Friday, 29 August 2014


Capturing escapist truth and beauty through the camera- UK film cinematographer Alec Mills. Image: The History Press.


By Alec Mills

Foreword by Sir Roger Moore

Published by The History Press

Reviewed by Scott Weller

“Knowing Alec, I can safely promise you a good read, and I always tell the truth.”

Roger Moore

There are many reasons why British film industry technical talent is regarded as the finest in the world. And famed cinematographer Alec Mills is one of them!

Best known for his involvement and vital contributions to some of the most popular films of the seventies and early eighties, most notably from the James Bond and Classic STAR WARS saga, Mills, in a lengthy career that would seem him handle everything from his first youthful and enthused clapperboard duties to learning the craft of becoming a seasoned visual renderer, would easily earn his title as one of the most popular and respected people of his ilk in the fantasy-making aspects of cinematography, helping to launch Roger Moore’s broad James Bond era into colourful, humorous, exciting fun, whilst, at the other end of the scale, and in a galaxy far, far away and a long time ago, subtly moving Return of the Jedi towards its vital climatically dark thrill ride, making it all the more thrilling and immersive to watch.
Alec Mills at the camera lens during the 1982 UK filming of Return of the Jedi.
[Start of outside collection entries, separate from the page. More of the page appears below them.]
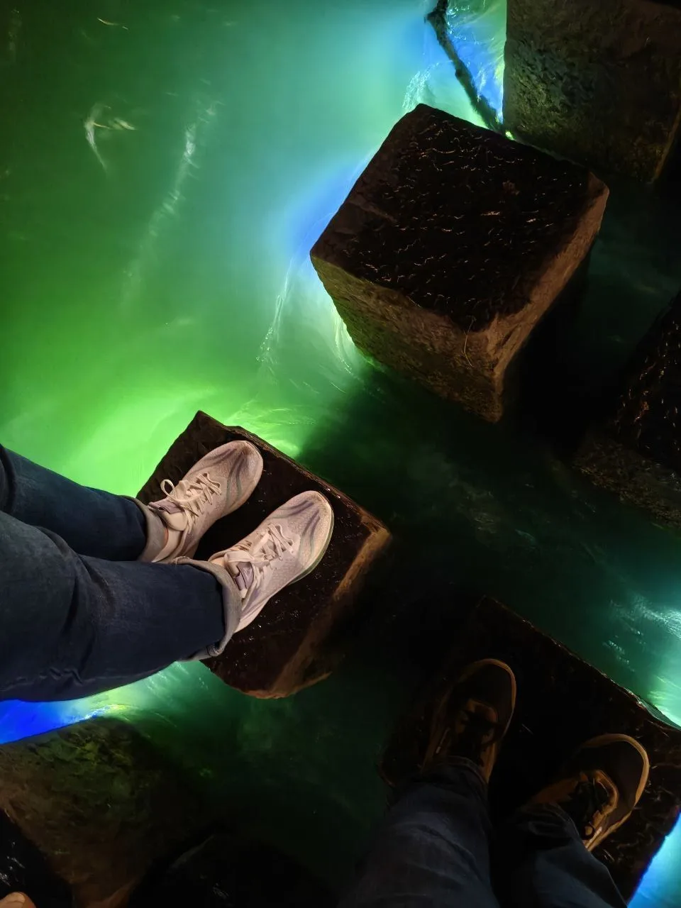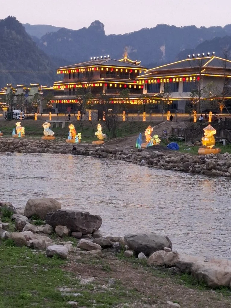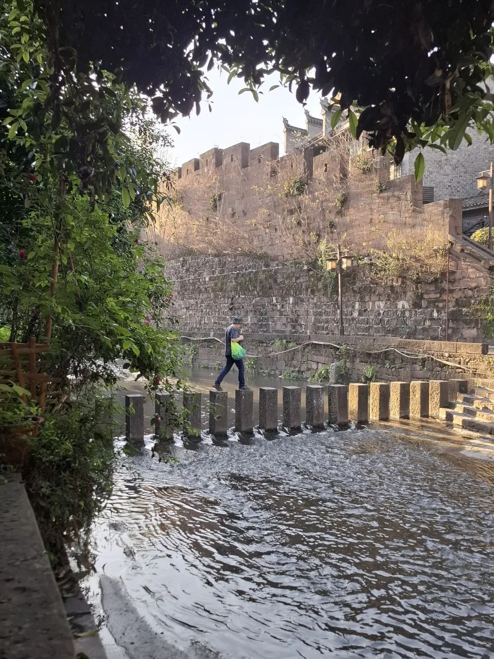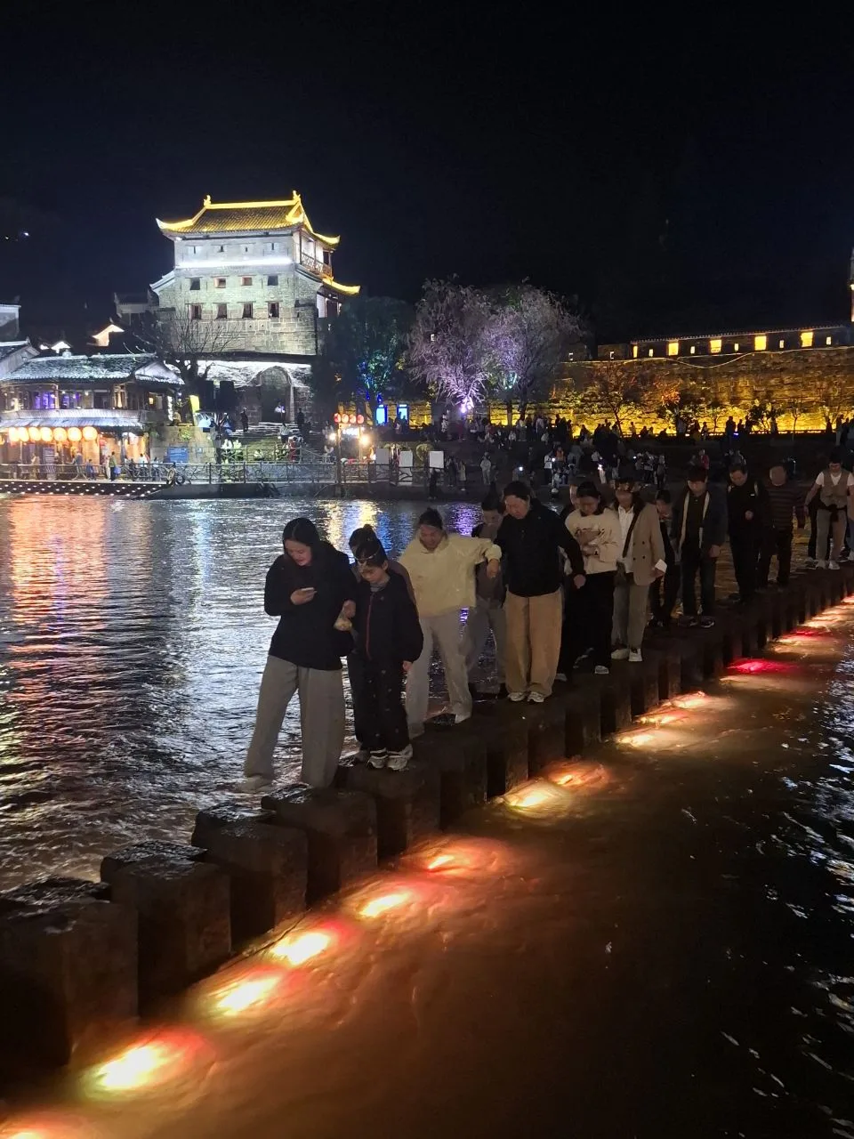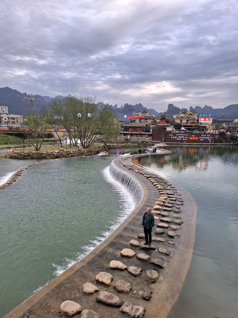 Днём проход был закрыт, открыли вечером. Второе фото даёт представление, как работает этот аттракцион. Сначала идёшь на другой берег по деревянным мосткам, а потом обратно - по этим камням. Мы прошли! 🥳👌 #Китай #Азия
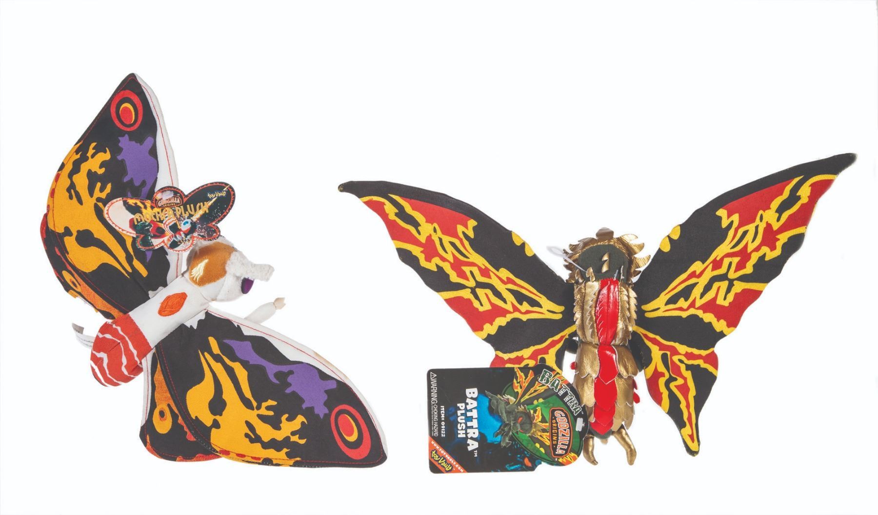 2005. Toy Vault Plush Figure Set of 2 w/tags. Mothra: 14” wingspan Battra: 15” wingspan. VG+.
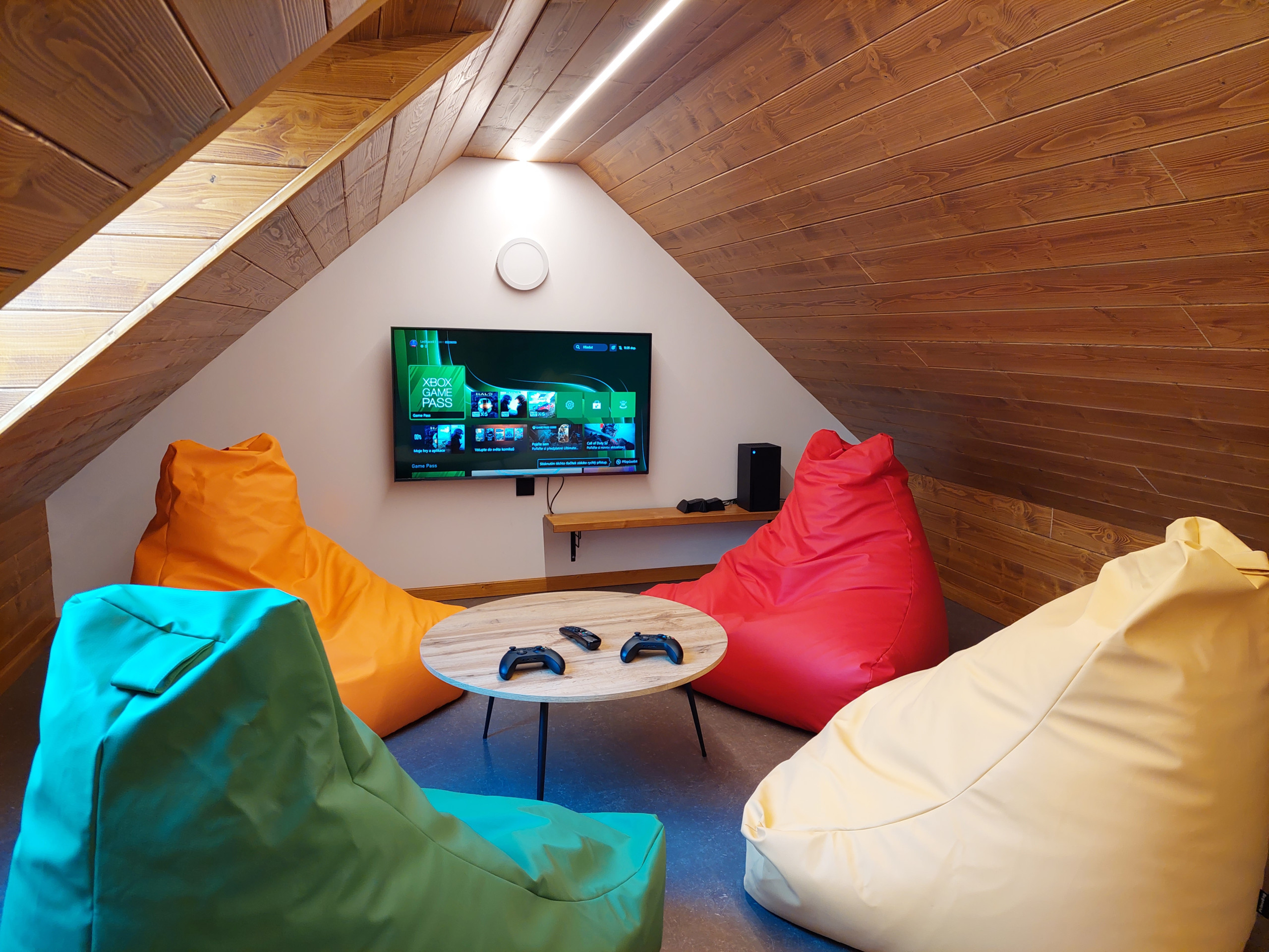 De zolder voelt bijna als een eigen speelhuis: een ruime relax- en gameroom met TV, gameconsole, zitzakken en zelfs een klimwand om naar boven te klimmen. Kinderen zijn hier uren zoet, en volwassenen eerlijk gezegd ook. In de technische ruimte kun je al je wintersportkleding, ski’s en skischoenen laten drogen voor de volgende dag.
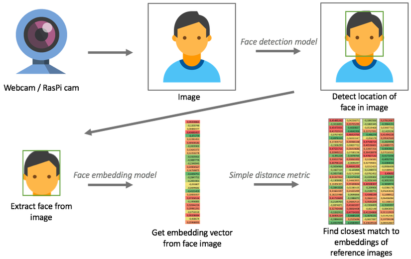 Sau khi crop được face từ bước detect, căn chỉnh lại face từ bước alignment, việc tiếp theo chúng ta cần làm là biểu diễn các face này thành các vector đặc trưng trước khi đưa vào mô hình dự đoán indentity. Có thể hiểu đơn giản thế này, để việc recognize đạt được độ chính xác cao chúng ta cần xây dựng được một bộ dataset có tính decriminitive nghĩa là có tính phân biệt giữa các thành phần. Ví dụ: các thành phần biễu diễu Person A với các thành phần biễu diễn Person B nên có sự khác biệt và các thành phần biễu diễn của Person A nên có tính tương đồng với nhau. Để làm được điều này chúng ta cần có một mô hình trích xuất ra các thuộc tính đặc trưng nhất của ảnh, chúng ta có thể tự định nghĩa một model của riêng mình hoặc sử dụng sẵn các pretrained models như faceNet, ArcFace, VggFace,... để trích xuất ra các vector đặc trưng.
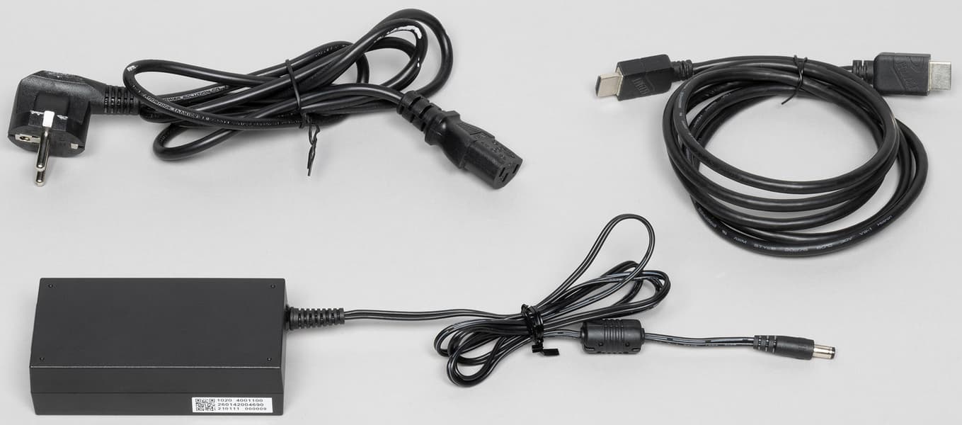 Производитель приложил к монитору два кабеля, среди которых кабеля USB-C, к сожалению, нет.
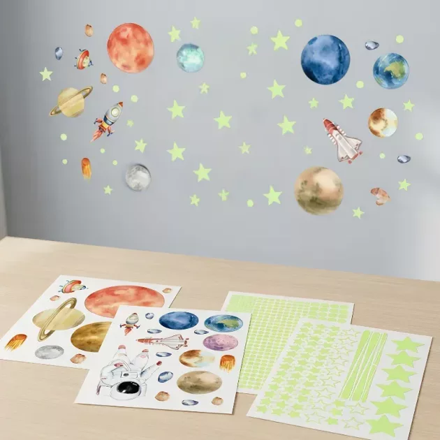 Diese Weltraumsticker haben das Zimmer meines Kindes in eine Fantasieg alaxie verwandelt. Sie liebt das Leuchten.
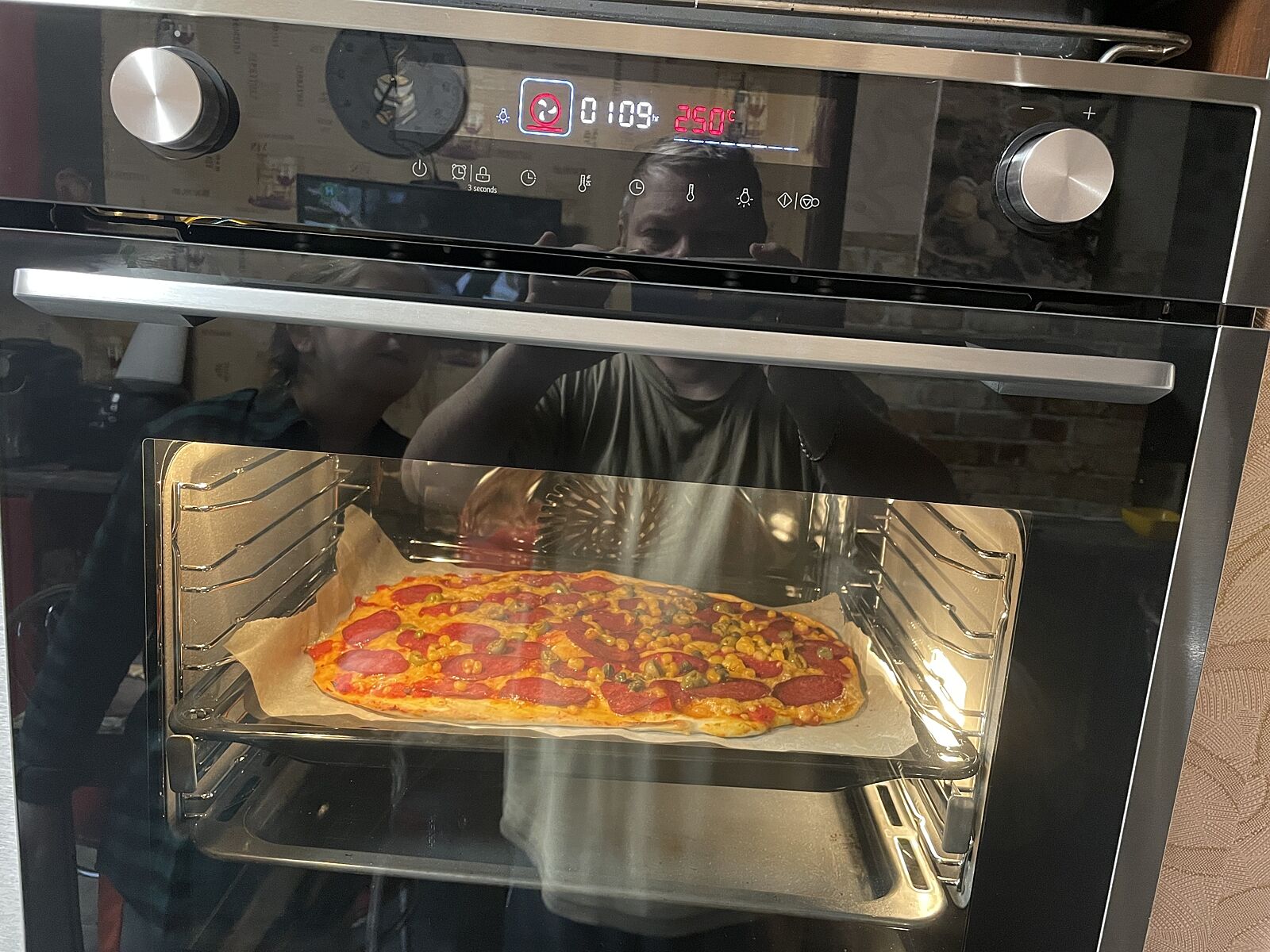 Не я делаю 2 пиццы по ширине на пергаментной бумаги , ну и по длине противеня

A subtle and caring person with a fine eye for detail, research and continuity, as well as a pioneer in many areas, especially knowing how to work as part of a team in his varied jobs but also, where necessary, not afraid to let his views be known when critically needed, Mills, through contacts and sheer bloody hard work, would truly become a part of the golden age of cinema – American, International and often hard-bitten UK endeavours. Lured by the siren-like glamour, adventure and fantasy bug of celluloid at an early age, his youthful post World War II entering of the British film industry soon saw a quiet but solid advancing up the career leader in working with some of the biggest and brightest names in the UK industry, soon proving a vital and worthy way of building his craft- from his stints in moody and atmospheric black and white to glorious, extravagant colour, from the large to the small screen, travelling countries and climes as diverse as Austria to Japan, and learning from the likes of long time Cameraman/Cinematographer legend buddies/partners in cinematic magic capturing including Michael Reed, Jack Cardiff and Alan Hume, Mills unique relationship with the camera, and the mystical quality of film running through it, is a genuine, if not always perfect, love affair.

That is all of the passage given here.